If kids of the upcoming generation don't find nostalgia with Cave Story I will surely weep.
But to be more realistic, it's probably going to be stuff like
Borderlands
Anything by Nintendo (Mario, Zelda, Kirby, etc.)
Halflife 2 & whatever episodes
Oblivion, Fallout 3, Fallout New Vegas, and pretty much everything by Bethesda
KOTOR 1 & 2, Jade Empire, Neverwinter Nights, and pretty much anything by Obsidian
Definitely the God of War series
Hell, maybe the Gears of War series
Definitely the Assassin's Creed series
Eh... maybe the Call of Duty: MWF schlock. I'm not going to like it, but you have to admit, it was popular enough that the kids of today are going to remember fondly when they get to our age(s). Lord help 'em.
Essentially, whatever was popular, but did something (at least once at the time) that was memorable. For example, Borderlands being highly stylized and having a shit-ton of weaponry, or Cave Story just being Cave Story.
Pretty much what defined 'Nostalgia' for us. Granted, with the obvious exceptions, I feel it won't be as creative and dynamic as ours was, when gaming was still new and concepts and technology were essentially being broken with every big new title in the 80s and 90s, but it will still be there for the games that deserved it - the games that pushed boundaries and set themselves apart - or even just created the trends that currently stagnate the industry (They had to be popular and innovative at some point to inspire their imitators, after all).

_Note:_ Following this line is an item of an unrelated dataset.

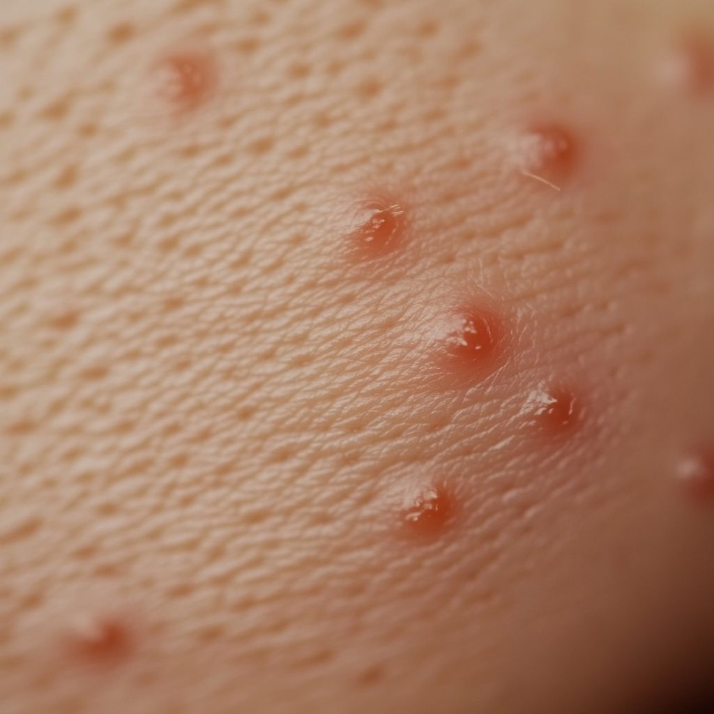 Piqûre de puce : Les puces piquent souvent en groupe ou en ligne, principalement sur les jambes, les chevilles et les pieds. Les piqûres sont petites, rouges et provoquent des démangeaisons intenses. Elles peuvent entraîner des infections secondaires si elles sont grattées.

My hope is that whatever they remember with the same love and reverence as we do for our Pokemon Red & Blue Versions, Metal Gear, Mortal Kombat (the first 3-4), and whatever other classics, even the redundant CoD shit, they remember the best aspects of them and continue to promote the innovative parts of them that we with our own modern biases failed to pick up, so the creative spirit, even if not the image of those games pass themselves on like ours did.
Legacy through innovation and impact - the best way for a title to pass itself on.